Updated: 2007-07-04 10:19

A chery sedan is on display at an auto exhibition in Zhengzhou, Central China's Henan Province April 13, 2007. [newsphoto]

Chrysler Group and China's Chery Automobile Co. signed a deal on Wednesday to develop small and sub-compact cars for sale in North America, Europe and other markets.

The companies will modify existing Chery vehicles to be sold under Chrysler brands and co-develop future models, the two automakers said in a statement handed out before a press conference in Beijing.

Chrysler will begin sales of Chery's A1 hatchback in the U.S. in the first quarter of next year, Chery President Yin Tongyao told reporters. The 1.3-liter A1 costs as little as 53,800 yuan ($7,100) in China.

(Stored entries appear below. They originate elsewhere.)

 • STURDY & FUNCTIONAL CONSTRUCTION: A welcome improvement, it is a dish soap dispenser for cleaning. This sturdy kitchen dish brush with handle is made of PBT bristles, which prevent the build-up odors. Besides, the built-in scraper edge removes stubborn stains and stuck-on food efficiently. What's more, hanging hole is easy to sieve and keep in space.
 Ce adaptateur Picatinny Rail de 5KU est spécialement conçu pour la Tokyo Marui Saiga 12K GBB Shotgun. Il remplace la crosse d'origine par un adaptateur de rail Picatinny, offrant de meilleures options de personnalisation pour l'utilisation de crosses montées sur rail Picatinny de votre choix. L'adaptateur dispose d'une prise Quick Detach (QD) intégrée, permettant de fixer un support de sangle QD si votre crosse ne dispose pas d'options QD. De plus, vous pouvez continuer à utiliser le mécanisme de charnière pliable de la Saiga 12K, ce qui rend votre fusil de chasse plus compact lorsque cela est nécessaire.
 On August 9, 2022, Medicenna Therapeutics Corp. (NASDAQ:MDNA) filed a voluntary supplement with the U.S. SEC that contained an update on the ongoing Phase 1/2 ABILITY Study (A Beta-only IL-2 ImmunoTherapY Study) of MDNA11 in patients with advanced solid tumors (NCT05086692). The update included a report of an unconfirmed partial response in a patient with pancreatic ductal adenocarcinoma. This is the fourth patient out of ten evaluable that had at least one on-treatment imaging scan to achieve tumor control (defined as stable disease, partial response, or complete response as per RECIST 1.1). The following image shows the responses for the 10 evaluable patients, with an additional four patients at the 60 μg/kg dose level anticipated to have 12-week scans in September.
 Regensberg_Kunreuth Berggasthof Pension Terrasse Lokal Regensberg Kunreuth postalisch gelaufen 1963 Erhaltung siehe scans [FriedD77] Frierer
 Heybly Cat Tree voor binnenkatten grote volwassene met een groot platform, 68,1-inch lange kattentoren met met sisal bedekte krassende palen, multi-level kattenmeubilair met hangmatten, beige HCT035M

Tom LaSorda, president and CEO of Chrysler Group, speaks at the signing of a cooperative agreement with Chery Automobile in Beijing July 4, 2007. The first shipments of Chrysler cars built by China's Chery Automobile Co. could reach the U.S. or Europe within 30 months, Chrysler said on Wednesday, opening the door for Chery to be the first mainland auto maker to do so
Tom LaSorda, president and CEO of Chrysler Group, speaks at the signing of a cooperative agreement with Chery Automobile in Beijing July 4, 2007.[Reuters]
Chrysler's least expensive U.S. model is the $13,850 Dodge Caliber, according to Santa Monica, California- based, which tracks vehicle prices.

More than 70 percent of Chrysler's US sales come from light-trucks like its Jeeps and Ram trucks, a product skew that analysts have cited as a weakness at a time of high gas prices and expected tougher fuel economy regulations.

The Chery partnership is part of a Chrysler strategy to develop more models with less investment, Chrysler Chief Executive Officer Tom LaSorda said in the statement.

Chrysler plans to introduce 32 models from 2006 to 2010, an increase from 21 between 2000 and 2004, as five-year product spending during those spans fell from $41.9 billion to about $30 billion.

"It makes total sense for Chrysler to have a partnership with a Chinese automaker because that is where the growth is in the auto industry," said Rebecca Lindland, a forecaster for Global Insight Inc. in Lexington, Massachusetts. "It can be very unprofitable to develop new small-car platforms on your own. "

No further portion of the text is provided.